▸ Records provided:

# # # # #

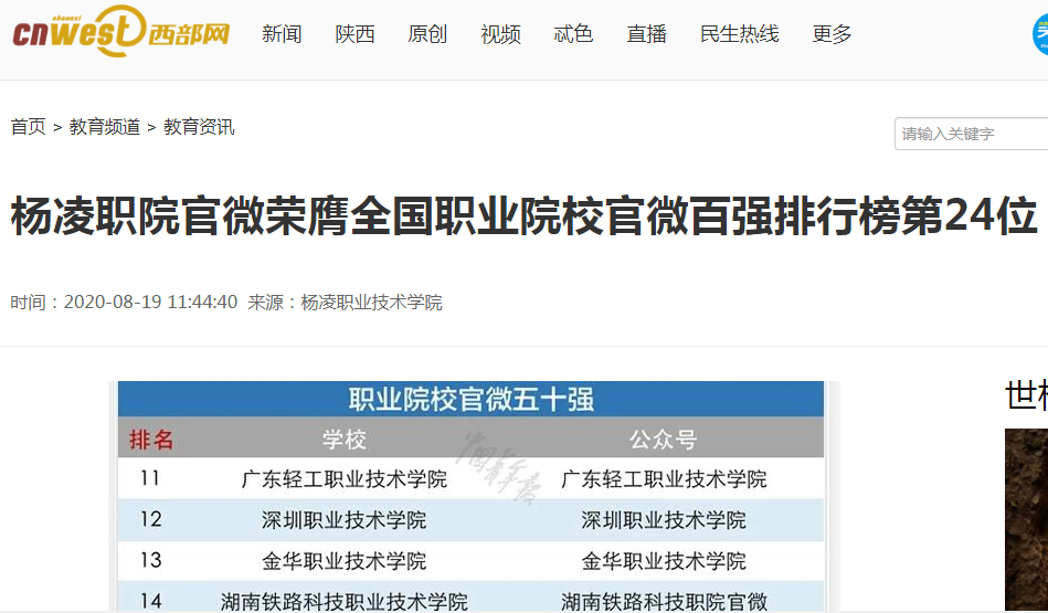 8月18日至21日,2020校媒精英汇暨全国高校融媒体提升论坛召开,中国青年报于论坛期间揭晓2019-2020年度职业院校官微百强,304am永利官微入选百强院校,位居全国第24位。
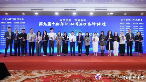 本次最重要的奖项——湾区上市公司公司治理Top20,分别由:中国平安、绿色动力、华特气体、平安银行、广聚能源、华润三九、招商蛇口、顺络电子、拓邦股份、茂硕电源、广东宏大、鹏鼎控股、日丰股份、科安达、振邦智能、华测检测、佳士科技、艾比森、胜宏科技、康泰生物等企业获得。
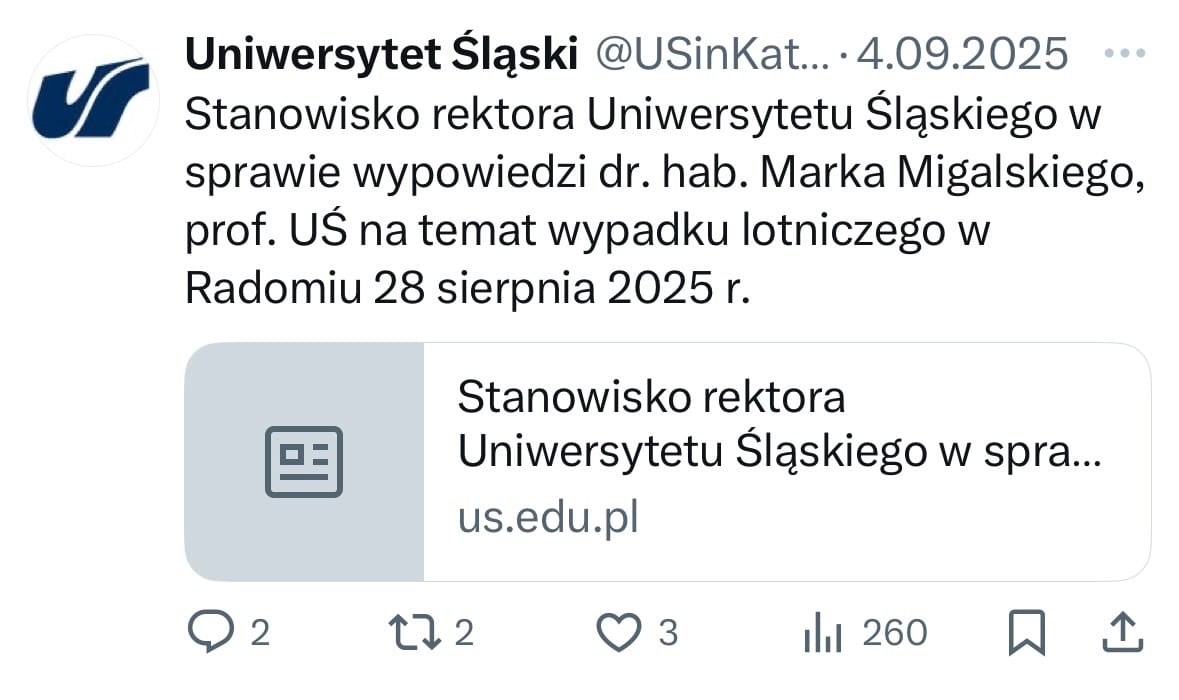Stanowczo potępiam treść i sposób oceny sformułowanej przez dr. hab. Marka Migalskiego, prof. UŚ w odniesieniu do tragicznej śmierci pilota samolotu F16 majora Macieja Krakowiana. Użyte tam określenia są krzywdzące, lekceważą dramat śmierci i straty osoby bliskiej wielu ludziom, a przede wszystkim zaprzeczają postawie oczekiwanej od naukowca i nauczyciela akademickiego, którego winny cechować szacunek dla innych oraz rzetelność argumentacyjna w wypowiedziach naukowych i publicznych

# # # # #

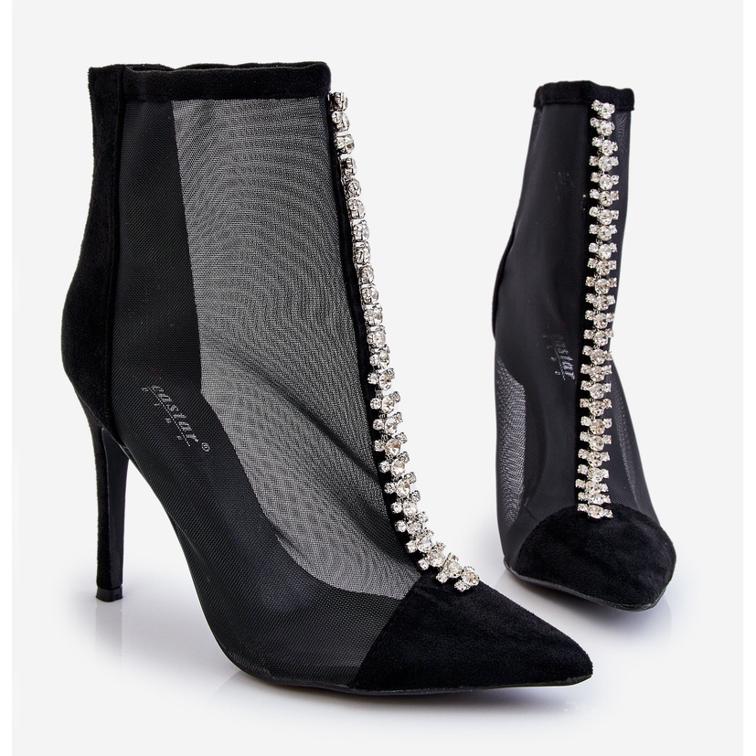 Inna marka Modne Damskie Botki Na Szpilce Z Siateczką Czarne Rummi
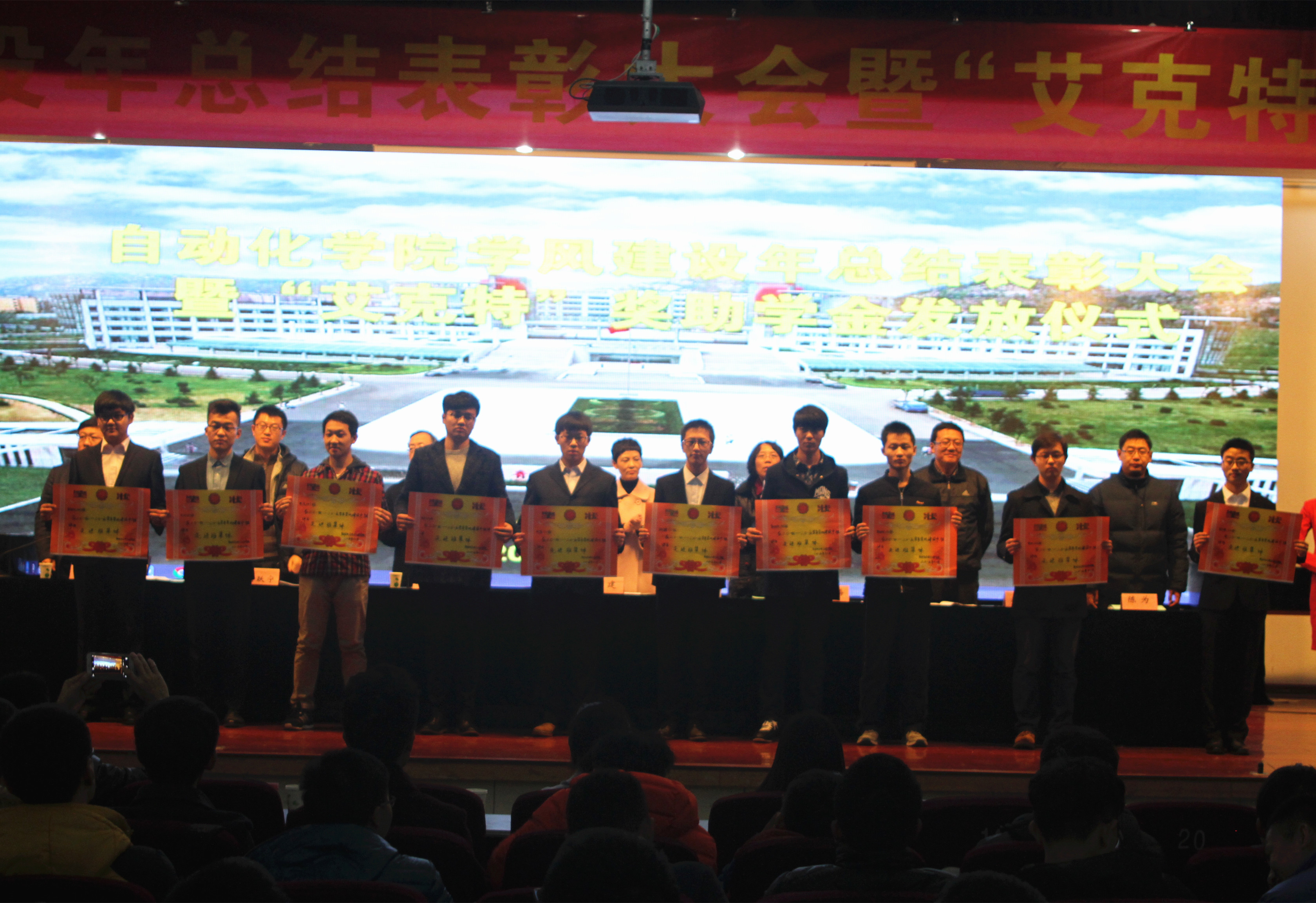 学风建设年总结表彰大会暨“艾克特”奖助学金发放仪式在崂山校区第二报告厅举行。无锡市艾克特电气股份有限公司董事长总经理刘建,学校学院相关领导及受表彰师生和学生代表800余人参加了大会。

# # # # #

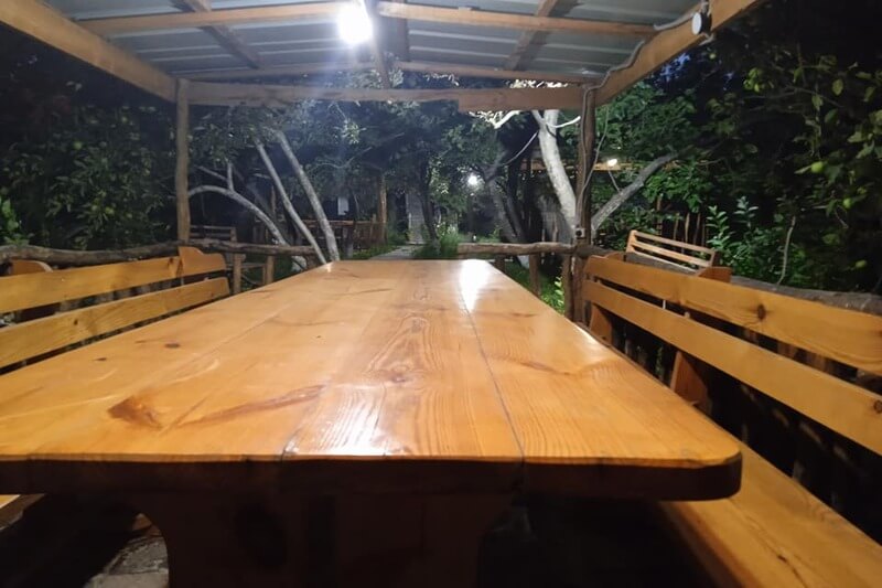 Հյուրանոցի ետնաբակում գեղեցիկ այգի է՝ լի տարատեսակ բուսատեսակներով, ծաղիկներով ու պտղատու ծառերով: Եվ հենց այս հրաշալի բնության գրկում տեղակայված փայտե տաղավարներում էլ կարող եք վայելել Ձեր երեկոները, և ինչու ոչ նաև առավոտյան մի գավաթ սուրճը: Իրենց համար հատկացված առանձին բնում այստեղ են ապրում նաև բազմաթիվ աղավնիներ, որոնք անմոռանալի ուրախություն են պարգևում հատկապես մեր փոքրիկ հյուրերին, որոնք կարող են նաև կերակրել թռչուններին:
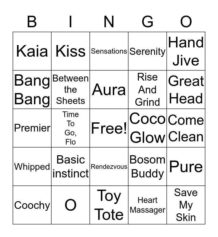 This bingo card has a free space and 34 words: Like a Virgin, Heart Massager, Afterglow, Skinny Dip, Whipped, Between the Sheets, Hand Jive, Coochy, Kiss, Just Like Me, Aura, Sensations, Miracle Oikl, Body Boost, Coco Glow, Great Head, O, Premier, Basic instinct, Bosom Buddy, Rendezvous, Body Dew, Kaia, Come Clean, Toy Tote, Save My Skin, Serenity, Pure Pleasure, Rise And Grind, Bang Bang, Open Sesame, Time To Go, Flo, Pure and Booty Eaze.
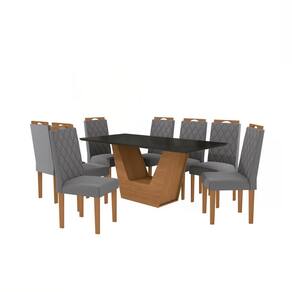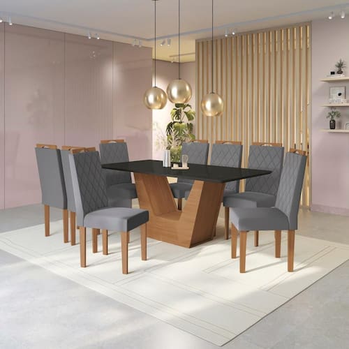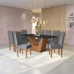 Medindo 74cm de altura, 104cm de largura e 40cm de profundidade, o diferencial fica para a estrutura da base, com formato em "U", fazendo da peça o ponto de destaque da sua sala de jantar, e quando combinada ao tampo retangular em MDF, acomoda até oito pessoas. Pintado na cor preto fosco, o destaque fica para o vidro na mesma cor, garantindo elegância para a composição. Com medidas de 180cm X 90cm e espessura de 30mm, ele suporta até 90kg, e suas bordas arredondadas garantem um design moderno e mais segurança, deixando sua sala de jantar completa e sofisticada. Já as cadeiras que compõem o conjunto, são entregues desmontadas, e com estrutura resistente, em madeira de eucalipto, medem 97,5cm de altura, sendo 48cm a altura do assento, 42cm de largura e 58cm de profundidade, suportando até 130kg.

# # # # #

▸ Exercise:
Write out exactly the run of lines above that starts at the line containing "8月18日至21日,2020" and ends at the line containing "本次最重要的奖项——湾区上市". Include both, and leave the pictures out.

▸ Solution to the problem:
 8月18日至21日,2020校媒精英汇暨全国高校融媒体提升论坛召开,中国青年报于论坛期间揭晓2019-2020年度职业院校官微百强,304am永利官微入选百强院校,位居全国第24位。
 本次最重要的奖项——湾区上市公司公司治理Top20,分别由:中国平安、绿色动力、华特气体、平安银行、广聚能源、华润三九、招商蛇口、顺络电子、拓邦股份、茂硕电源、广东宏大、鹏鼎控股、日丰股份、科安达、振邦智能、华测检测、佳士科技、艾比森、胜宏科技、康泰生物等企业获得。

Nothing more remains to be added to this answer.